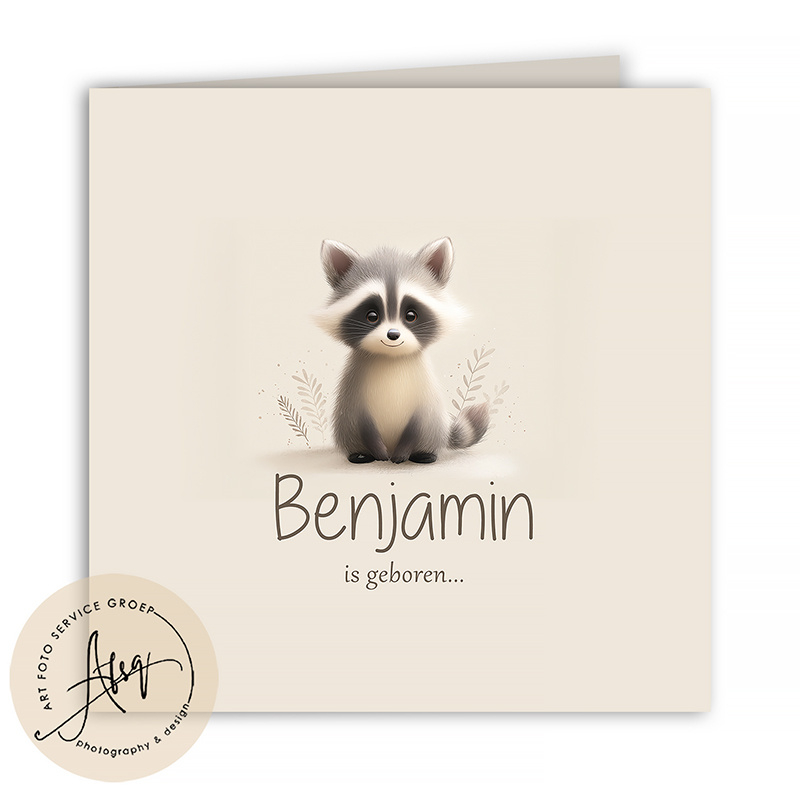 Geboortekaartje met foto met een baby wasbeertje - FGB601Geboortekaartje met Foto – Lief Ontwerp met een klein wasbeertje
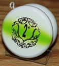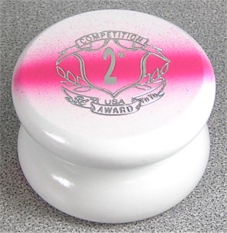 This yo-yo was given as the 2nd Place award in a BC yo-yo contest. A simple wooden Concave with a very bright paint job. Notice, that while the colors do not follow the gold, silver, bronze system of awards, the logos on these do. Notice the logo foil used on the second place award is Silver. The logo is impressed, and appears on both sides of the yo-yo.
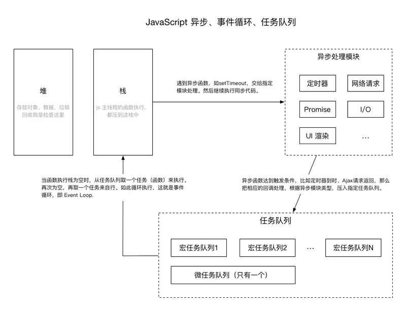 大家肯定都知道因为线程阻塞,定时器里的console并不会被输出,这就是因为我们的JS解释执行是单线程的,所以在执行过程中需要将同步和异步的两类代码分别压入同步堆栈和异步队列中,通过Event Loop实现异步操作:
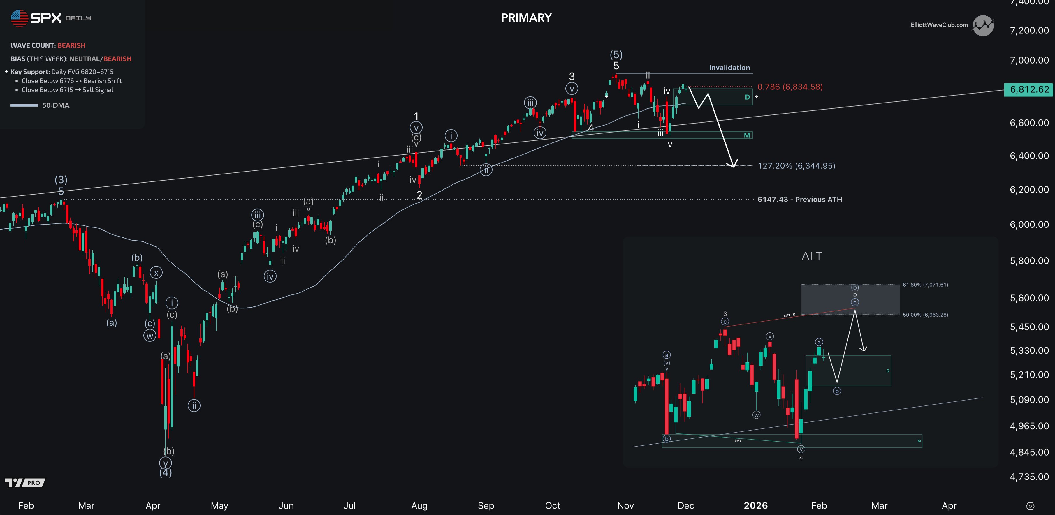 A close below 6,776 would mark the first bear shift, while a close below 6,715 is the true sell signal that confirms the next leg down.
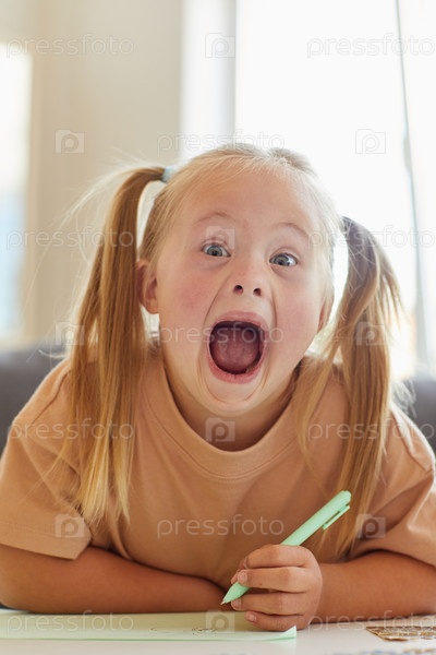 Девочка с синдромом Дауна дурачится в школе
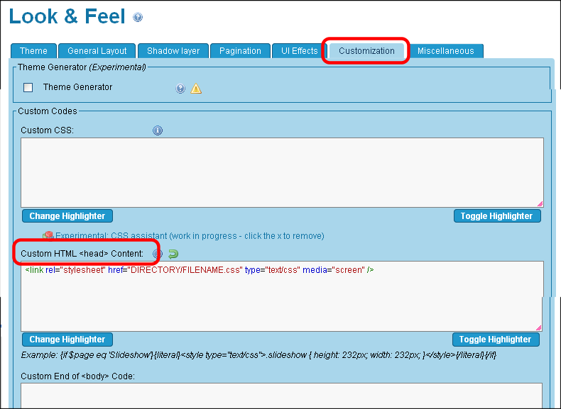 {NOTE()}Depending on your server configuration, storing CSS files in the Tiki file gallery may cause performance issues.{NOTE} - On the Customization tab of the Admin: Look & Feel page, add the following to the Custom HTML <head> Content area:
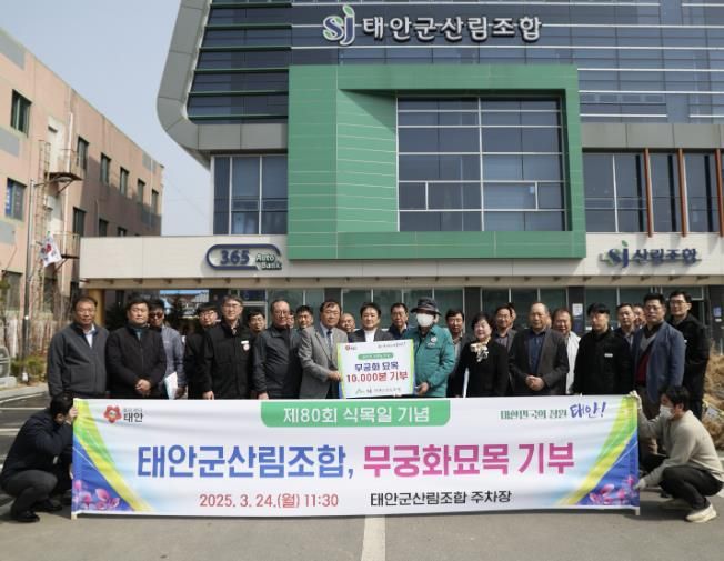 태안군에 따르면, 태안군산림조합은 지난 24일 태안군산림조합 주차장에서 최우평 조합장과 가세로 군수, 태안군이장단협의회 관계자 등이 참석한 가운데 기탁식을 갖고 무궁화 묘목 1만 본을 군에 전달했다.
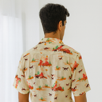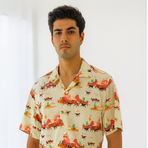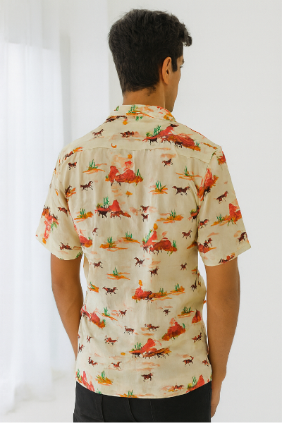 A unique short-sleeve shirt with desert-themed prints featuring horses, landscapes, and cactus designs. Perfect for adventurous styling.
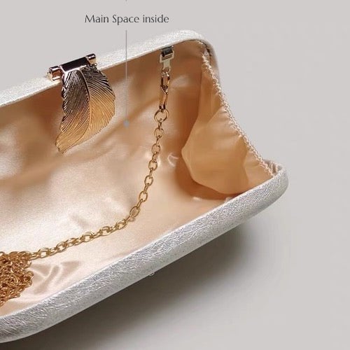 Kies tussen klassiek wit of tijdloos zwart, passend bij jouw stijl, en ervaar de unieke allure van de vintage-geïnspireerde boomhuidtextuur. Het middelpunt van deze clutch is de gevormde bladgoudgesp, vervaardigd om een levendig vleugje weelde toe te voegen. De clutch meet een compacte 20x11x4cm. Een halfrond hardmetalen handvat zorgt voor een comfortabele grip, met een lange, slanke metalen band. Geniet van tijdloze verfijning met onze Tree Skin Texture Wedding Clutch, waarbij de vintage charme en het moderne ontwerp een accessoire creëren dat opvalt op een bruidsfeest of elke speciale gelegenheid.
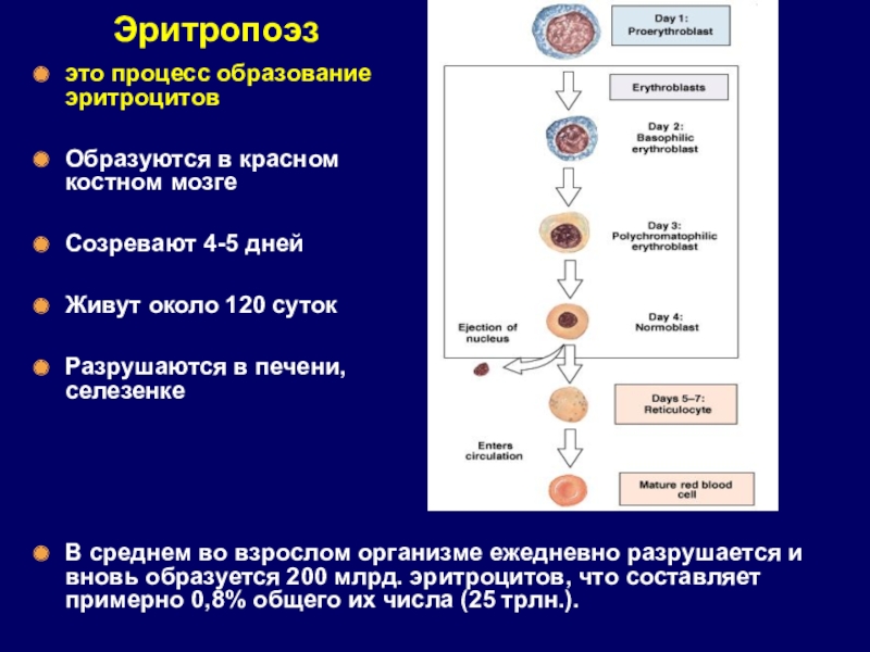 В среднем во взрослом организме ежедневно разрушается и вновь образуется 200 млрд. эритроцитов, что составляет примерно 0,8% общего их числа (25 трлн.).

--

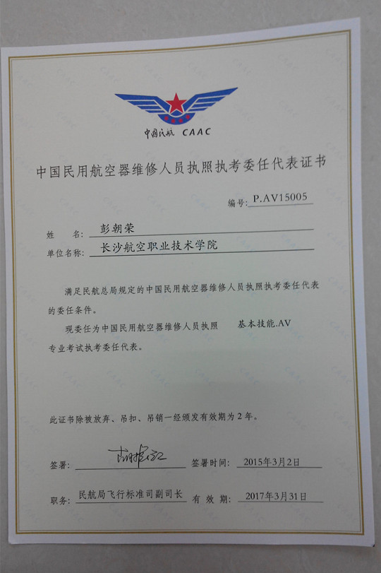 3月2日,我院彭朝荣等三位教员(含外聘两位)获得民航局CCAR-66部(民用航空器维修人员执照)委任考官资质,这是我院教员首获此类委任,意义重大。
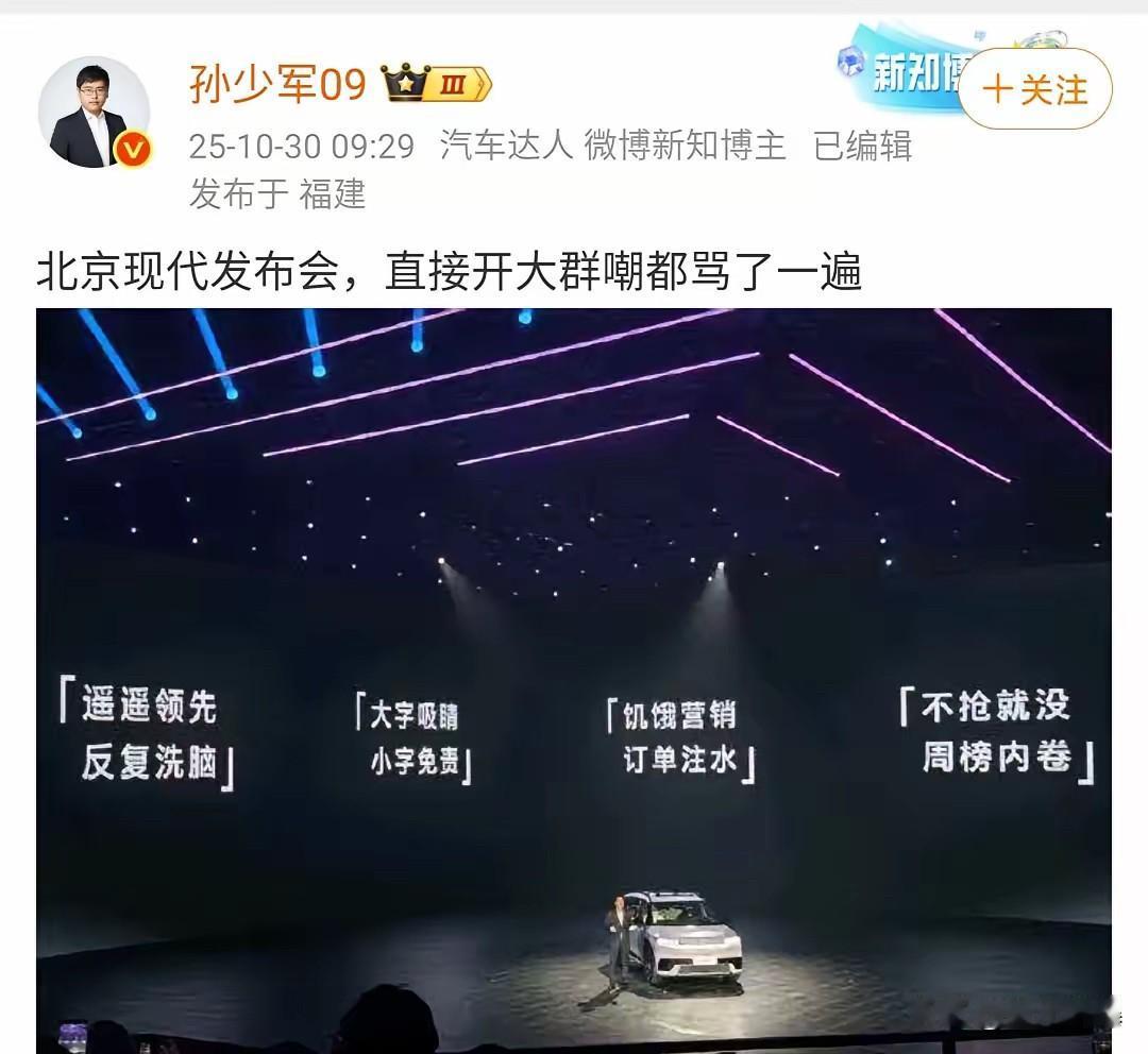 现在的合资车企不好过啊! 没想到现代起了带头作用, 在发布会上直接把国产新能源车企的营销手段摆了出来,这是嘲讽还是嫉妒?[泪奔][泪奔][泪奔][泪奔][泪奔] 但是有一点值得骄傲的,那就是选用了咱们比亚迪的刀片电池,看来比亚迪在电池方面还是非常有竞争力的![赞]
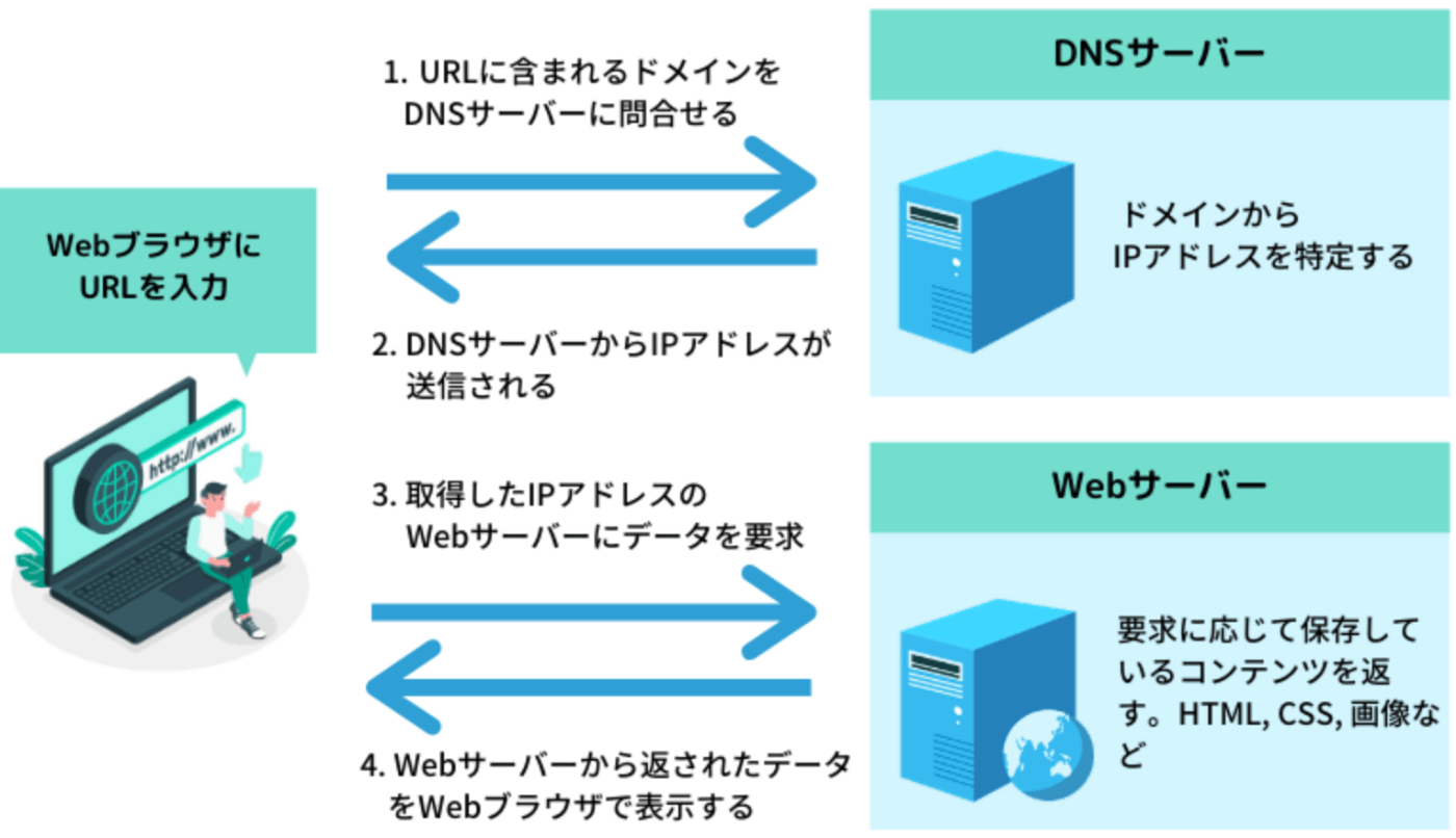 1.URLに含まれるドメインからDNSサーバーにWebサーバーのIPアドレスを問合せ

Requirement — Once the line with "Geboortekaartje met foto met" is found in the data above, reproduce it and each line after it exactly, through the line with "This yo-yo was". Omit the pictures.

Answer for the task —
 Geboortekaartje met foto met een baby wasbeertje - FGB601Geboortekaartje met Foto – Lief Ontwerp met een klein wasbeertje
 This yo-yo was given as the 2nd Place award in a BC yo-yo contest. A simple wooden Concave with a very bright paint job. Notice, that while the colors do not follow the gold, silver, bronze system of awards, the logos on these do. Notice the logo foil used on the second place award is Silver. The logo is impressed, and appears on both sides of the yo-yo.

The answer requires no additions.